In exchange for the temporary constraints on its nuclear program, the nuclear accord gave Iran sanctions relief that allowed it to revive its economy, Solomon noted. While Iranian leaders complain that Tehran has yet to fully integrate into the international financial system, Solomon reported that “Iran’s oil exports have largely returned to their pre-2012 levels, and the World Bank projects that Iran will see nearly 5% growth in its gross domestic product next year.”

The lack of full integration may very well suit Khamenei. “Far from hoping for a flood of foreign investment, the supreme leader has repeatedly warned his people that Western culture and business could undermine the revolution and its values,” Solomon observed. The IRGC, which controls many of Iran’s biggest companies, is increasingly arresting dual nationals — such as American-Iranian oil-industry executive Siamak Namazi — as a warning to other expatriates seeking to return to Iran in pursuit of business.

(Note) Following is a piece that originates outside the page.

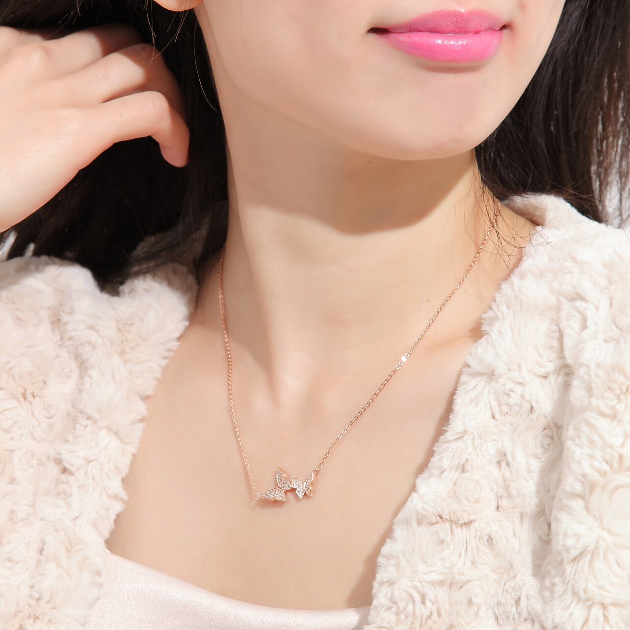 ネックレス レディース バタフライ 蝶 ちょう czダイヤ ピンクゴールド

The nuclear deal has also not borne out the hopes of American and European officials who had hoped that it would “stabilize a roiling Middle East.” Instead, Iran has strengthened its cooperation with Russia in support of Syrian President Bashar al-Assad, while American commanders have seen “no tapering off of Revolutionary Guard support for its allies in Yemen, Iraq or the Palestinian territories.”

Furthermore, while the deal was supposed to be confined to Iran’s nuclear program, Khamenei insisted that a United Nations Security Council resolution against Tehran’s ballistic missile development be loosened. He also demanded that the UN prohibition on Iran buying and selling conventional arms be lifted. The agreement acquiesced to both demands, meaning that it “didn’t do much to curtail Iran’s ambitions,” Solomon wrote.

Karim Sadjadpour, an Iran expert and senior associate at the Carnegie Endowment for International Peace in Washington, wrote that “Ayatollah Khamenei has emerged as the single most powerful man in the Middle East.”

“[It] will take years to assess the full impact of the nuclear deal on the Middle East and in Iran internally, but the hope that the deal would weaken Khamenei and the Revolutionary Guards so far hasn’t been borne out,” Sadjadpour added.

The results of the nuclear deal that Solomon documented confirm many of the concerns expressed by experts last year. Lee Smith, a senior fellow at the Hudson Institute, wrote last July that the IRGC will strengthen its hold over Iran as a result of the deal.

Last May, Emanuele Ottolenghi and Saeed Ghasseminejad of the Foundation for Defense of Democracies similarly warned that the groups most likely to be strengthened by the nuclear deal were businesses controlled by Khamenei and the IRGC.

That the nuclear deal would fuel Iran’s regional ambitions rather than rein them in was predicted by a wide range of experts including including Foreign Policy editor David Rothkopf, former State Department official Aaron David Miller, Washington Institute of Near East Policy fellows Mehdi Khalaji, Soner Cagaptay and James Jeffrey, and former Secretaries of State Henry Kissinger and George Shultz.